Уинстон лежал молча. Его грудь начала подниматься и опускаться чуточку быстрее. Он так и не задал вопроса, который первым пришел ему на ум. Он хотел спросить, а язык будто не поворачивался. По лицу О’Брайена проскользнуло нечто вроде удивления. Даже его очки, казалось, иронично заблестели. Он знает, вдруг подумал Уинстон, он знает, что я собираюсь спросить! И при этой мысли слова буквально вырвались из него:
– А что такое комната 101?
Выражение лица О’Брайена не изменилось. Он сухо ответил:
– Вы знаете, что такое комната 101, Уинстон. Все знают, что такое комната 101.
Он поднял палец, сделав знак человеку в белой куртке. Сеанс явно подошел к концу. Игла вонзилась в руку Уинстона. И он почти сразу же погрузился в глубокий сон.
Глава 3
– Ваше выздоровление состоит из трех стадий, – сказал О’Брайен. – Обучение, затем понимание, а потом принятие. Вам пора переходить ко второй стадии.

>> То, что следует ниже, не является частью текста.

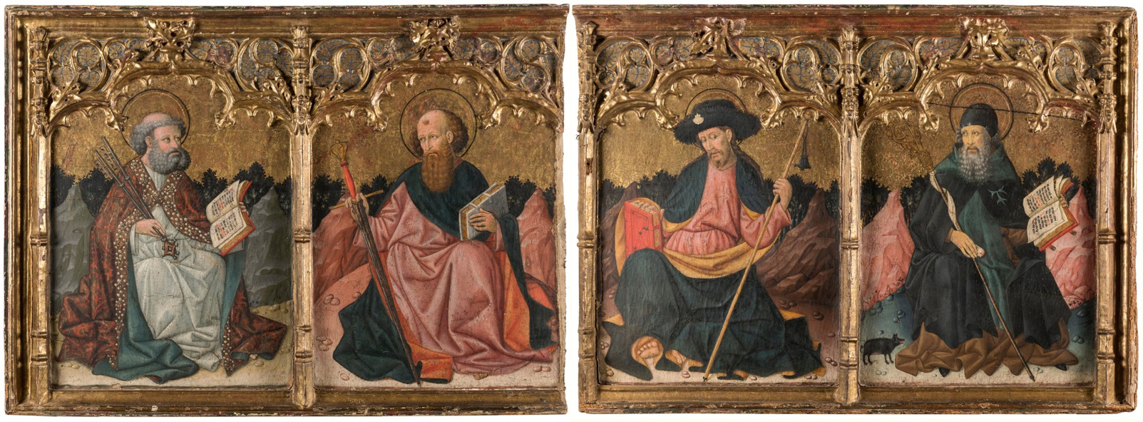 - Lote 345: Anónimo de la Corona de Aragón c.1500, San Pedro, San Pablo, Santiago y San Antonio Abad. 88 x 244 cm. Precio de remate: 90.000€

Уинстон, как обычно, лежал на спине. Но теперь ремни были свободнее. Они все еще фиксировали его на лежанке, но он мог слегка пошевелить коленями, поворачивать голову набок и поднимать руки до локтя. Шкала-циферблат тоже вызывала меньше ужаса. Он мог избежать боли, если достаточно быстро соображал: О’Брайен теперь поднимал рычаг главным образом тогда, когда Уинстон демонстрировал глупость. Иной раз весь сеанс проходил без использования прибора со шкалой. Количество сеансов он припомнить не мог. Весь процесс, казалось, тянулся неопределенно долго – может быть, неделями, перерывы между сеансами иногда занимали несколько дней, а иногда – лишь час или два.
– Лежа здесь, – заметил О’Брайен, – вы часто задавались вопросом – и даже как-то меня спрашивали, – зачем Министерство любви уделяет столько времени вам и беспокоится о вас. И оставшись один, вы тоже не могли найти правильного ответа на этот вопрос. Вы могли понять устройство общества, в котором вы жили, но не понимали его мотивов. Вы помните, как написали в дневнике: «Я понимаю КАК; я не понимаю ЗАЧЕМ»? Думая «зачем», вы начинали сомневаться в том, что вы нормальны. Вы прочли КНИГУ, произведение Гольдштейна, или хотя бы ее часть. Вы узнали что-нибудь, чего не знали раньше?
– Вы читали ее? – спросил Уинстон.
– Я ее написал. Как говорится, участвовал в ее создании. Ни одна книга, знаете ли, не пишется в одиночку.
– То, что там говорится, правда?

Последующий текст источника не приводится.